Padahal, salah satu fungsi agama adalah melatih manusia agar mampu melihat melampaui apa yang kasatmata. Iman mengajarkan bahwa tidak semua akibat datang seketika. Ada luka yang tidak terlihat, ada kerusakan batin yang terjadi perlahan, dan ada pertanggungjawaban yang tidak dapat dihindari hanya karena berhasil disembunyikan dari publik.
Krisis Teladan di Tengah Kebisingan
Kita juga perlu jujur mengakui bahwa generasi muda hidup dalam krisis keteladanan. Mereka menyaksikan tokoh publik yang berbicara tentang moral tetapi tersandung skandal. Mereka melihat korupsi dilakukan oleh orang-orang berpendidikan dan beragama. Mereka mendengar nasihat tentang kesederhanaan dari mereka yang gemar memamerkan kemewahan.
Situasi ini melahirkan kebingungan moral. Ketika kata-kata tidak sejalan dengan tindakan, anak muda cenderung mencari rujukan lain yang terasa lebih autentik. Sayangnya, rujukan tersebut sering ditemukan di dunia digital yang belum tentu menghadirkan kebijaksanaan. Popularitas akhirnya lebih dipercaya daripada integritas.
Di sinilah pentingnya menghadirkan teladan yang nyata. Anak muda tidak hanya membutuhkan ceramah tentang dosa, tetapi juga contoh tentang kejujuran, empati, tanggung jawab, dan keberanian untuk berbeda dari arus. Nilai-nilai akan lebih mudah diterima ketika hadir dalam kehidupan sehari-hari, bukan sekadar slogan.
Menghidupkan Kembali Nurani
Menyalahkan generasi muda sepenuhnya adalah jalan pintas yang tidak menyelesaikan masalah. Mereka adalah anak-anak yang tumbuh dalam zaman yang tidak pernah dialami generasi sebelumnya. Mereka dibesarkan dalam banjir informasi, kompetisi citra diri, dan tekanan untuk selalu tampak sempurna. Karena itu, yang mereka butuhkan bukan hanya hukuman, melainkan pendampingan.
Agama perlu kembali dihadirkan sebagai sumber makna, bukan sekadar daftar larangan.

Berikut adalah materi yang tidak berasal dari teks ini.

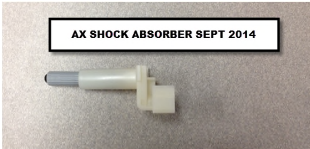
Picture 1 - AX SHOCK ABSORBER housing, 9/15/2014

To reduce the touch bar noise the AX versions are now manufactured with an AX specific SHOCK ABSORBER. The new AX SHOCK ABSORBER has characteristics required to comply with the AX performance. The AX SHOCK ABSORBER is different than the standard Von Duprin SHOCK ABSORBER. The AX SHOCK ABSORBER reduces the touch bar release noise and maintains the UL Certification as a CBC compliant product.

Dosa tidak hanya dijelaskan sebagai ancaman siksa, tetapi juga sebagai sesuatu yang merusak kemanusiaan. Berbohong merusak kepercayaan, iri hati merusak ketenangan, dan kesombongan merusak hubungan dengan sesama. Ketika hikmah di balik ajaran dipahami, ketakwaan tumbuh bukan karena ketakutan semata, melainkan karena kesadaran.
Pada akhirnya, tantangan terbesar generasi ini bukanlah bagaimana mengikuti semua tren yang terus berubah. Tantangan sesungguhnya adalah bagaimana tetap memiliki kompas moral di tengah dunia yang bising. Sebab, tidak semua yang viral layak ditiru, tidak semua yang populer pantas diperjuangkan, dan tidak semua ketertinggalan adalah kegagalan. Barangkali, yang perlu kita takutkan bukanlah menjadi orang yang tidak mengikuti tren, melainkan menjadi manusia yang kehilangan nurani tanpa pernah menyadarinya.